The network will run 24-hours, seven-days-a-week on eight CBS stations (in Houston, Philadelphia, Detroit, Tampa, Baltimore, Charlotte, Riverside and Las Vegas). Scores of Cumulus (CMLS, N/R) stations and other CBS stations will also run network programming. Cumulus will be responsible for syndication and ad sales using its existing sales teams.

CBS management believes the market for sports network radio advertising to be worth $150 million of revenue, part of what we estimate will be a $1.3 billion network radio sector this year. Far and away the dominant player in this business is Disney’s (DIS, N/R) ESPN. Other key sellers of advertising in context of sports content on radio include Dial Global (WWON, N/R), which currently owns the former Westwood One network among its properties.

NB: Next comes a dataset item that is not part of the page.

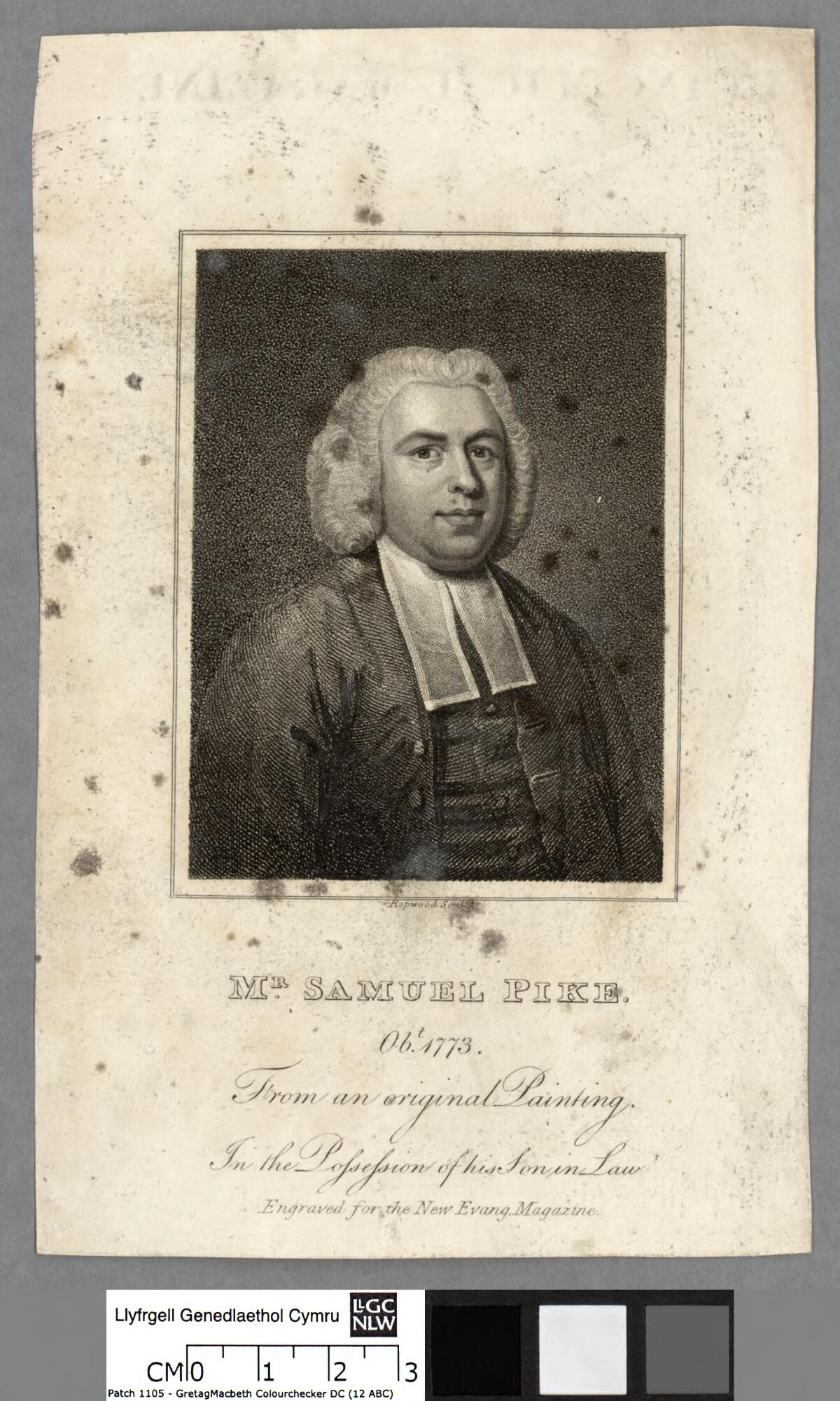 A portrait from the Welsh Portrait Collection at the National Library of Wales. Depicted person: Samuel Pike – Glasite minister

This effort should be only minimally cannibalistic. Sales teams in any given city will likely continue capturing the ad revenues they were already generating as long as they can fulfill marketer goals with inventory on other stations or programming sold by the CBS radio sales team. The revenue from inventory contributed to a national pool will then capture money from an essentially different market, leading to potential incremental growth for CBS.

One limitation to the effort will be the separation of sales responsibilities between CBS and Cumulus. Sports marketing is uniquely holistic, with marketer/agency rhetoric matching reality. Media owners selling ads associated with sports are generally better able to sell across media platforms than they can with other content. We believe that this bundling has contributed significantly to ESPN’s success with radio to date. A second limitation will relate to content rights that CBS may have or secure in the future, as other entities such as Dial Global or SiriusXM (SIRI, BUY) may otherwise secure radio rights for themselves.

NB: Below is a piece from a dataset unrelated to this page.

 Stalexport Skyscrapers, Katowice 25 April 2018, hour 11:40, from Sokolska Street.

To this end, maximizing the opportunity for this initiative may ultimately require establishing an integrated sales force covering TV and radio properties or ensuring that sales teams responsible for selling TV properties are appropriately – and perhaps disproportionately – incentivized to bundle the sales of TV inventory with radio. Such bundles can and do work with sports marketing, in contrast to other cross-media sales efforts, where bundles may often only be sold with significant discounts. Concurrently, when CBS negotiates for content rights for its TV networks, the company will need to secure concurrent rights for radio as well.

Radio continues to be challenged for growth by (often inaccurate) perceptions about radio among marketers, agency account directors and media planners as an old or declining medium. Sentiment about radio as an old, declining medium has been reinforced by the traditional radio industry’s failure to embrace newer players (including Sirius, Pandora (P, N/R) and Spotify) as part of what we would call a “competitive fraternity” of legacy station groups. Large sellers of radio inventory must pursue initiatives such as these to capture share of the existing market or otherwise capture budgets that would have gone to other media.

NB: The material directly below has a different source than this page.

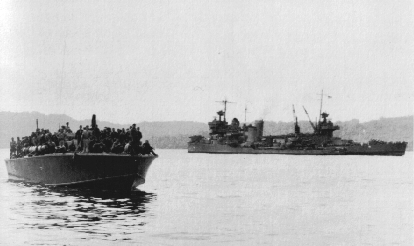 The U.S. Navy heavy cruiser USS New Orleans (CA-32) seen after the Battle of Tassafaronga near Tulagi on 1 December 1942. The PT boat in the foreground is carrying survivors from the USS Northampton (CA-26).

VALUATION. We value CBS with a DCF, incorporating a 10.6% near-term discount rate, a 13.6% long-term discount rate and long-term cash flow growth of 4.5%. Our target equates to a 13x 2013 P/E multiple vs. 11x currently.

RISKS include a partial dependence on public policies which favor broadcast station licensees, the hit-driven nature of producing television programming, and the prevalence of misguided perceptions around the “death” of TV advertising.”